Katalizator
- Founded: 1970
- Headquarters: Novosibirsk, Russia
- Products: catalysts, sorbents, catalyst carriers etc.
- Website: katcom.ru

= Katalizator =

Russian materials company

SKTB Katalizator (СКТБ Катализатор) is a special design and technological bureau in Sovetsky District of Novosibirsk, Russia. It was founded in 1970. The company manufactures catalysts, sorbents, catalyst carriers etc.

==History==
The organization was created in 1970, at the initiative of Georgy Boreskov, director of the Institute of Catalysis of the Siberian Branch of the USSR Academy of Sciences.
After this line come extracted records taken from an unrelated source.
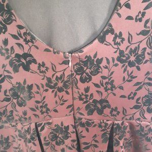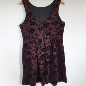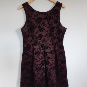 Dex dress, sleeveless, rich burgundy maroon with black velvet floral detail, jacquard, pleated skirt.
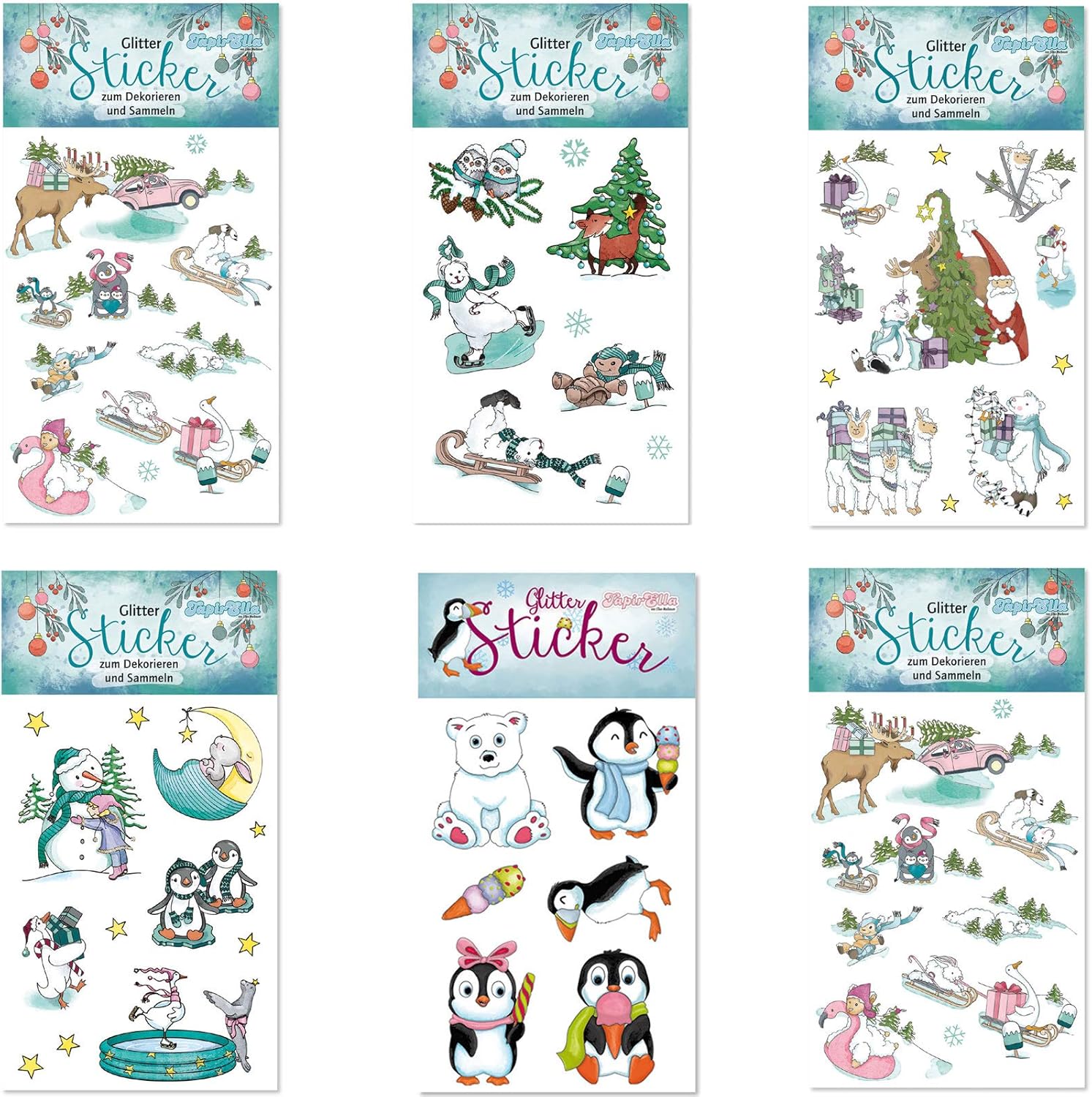 Adesivi glitter colorati, divertenti e scintillanti per bambini della Lutz-Mauder-Verlag (come mostrato nella prima immagine sopra) Divertenti adesivi glitter da collezionare, creare, progettare e ideali per. B. come piccolo regalo per il calendario di Natale Autoadesivo, parzialmente glitterato, fustellato, facile da incollare, rimovibile in qualsiasi momento Quantità: 1 foglio (dimensione: ca. 5,6 x 10,5 cm) con 12 adesivi confezionati in pellicola Ci sono molti altri adesivi glitterati di questa serie.
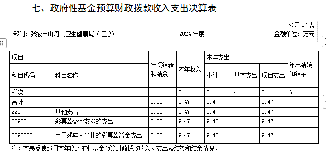2024年度政府性基金预算财政拨款年初结转和结余0.00万元,本年收入9.47万元,本年支出9.47万元,年末结转和结余0.00万元,主要用于残疾人事业的彩票公益金支出。

Initially, the bureau began its activities on the premises of the Institute of Catalysis. At the same time, a building complex for the organization was under construction (1971–1980). The first buildings of the organization were commissioned in 1973.

==Activities==
The company develops and manufactures catalysts, catalyst carriers, sorbents and desiccants for oil processing, thermostable catalysts for the dehydrogenation of hydrocarbons in a fluidized bed for the production of synthetic rubber, palladium and vanadium catalysts; dessicants for organic liquids and industrial gases etc.

==Locations==
The company's plants are located in Shlyuz and ObGES microdistricts of Sovetsky District of Novosibirsk, as well as in Krasnoyarsk Krai and Ryazan Oblast.

==Bibliography==
- Ламин В. А. (2003). "Энциклопедия. Новосибирск"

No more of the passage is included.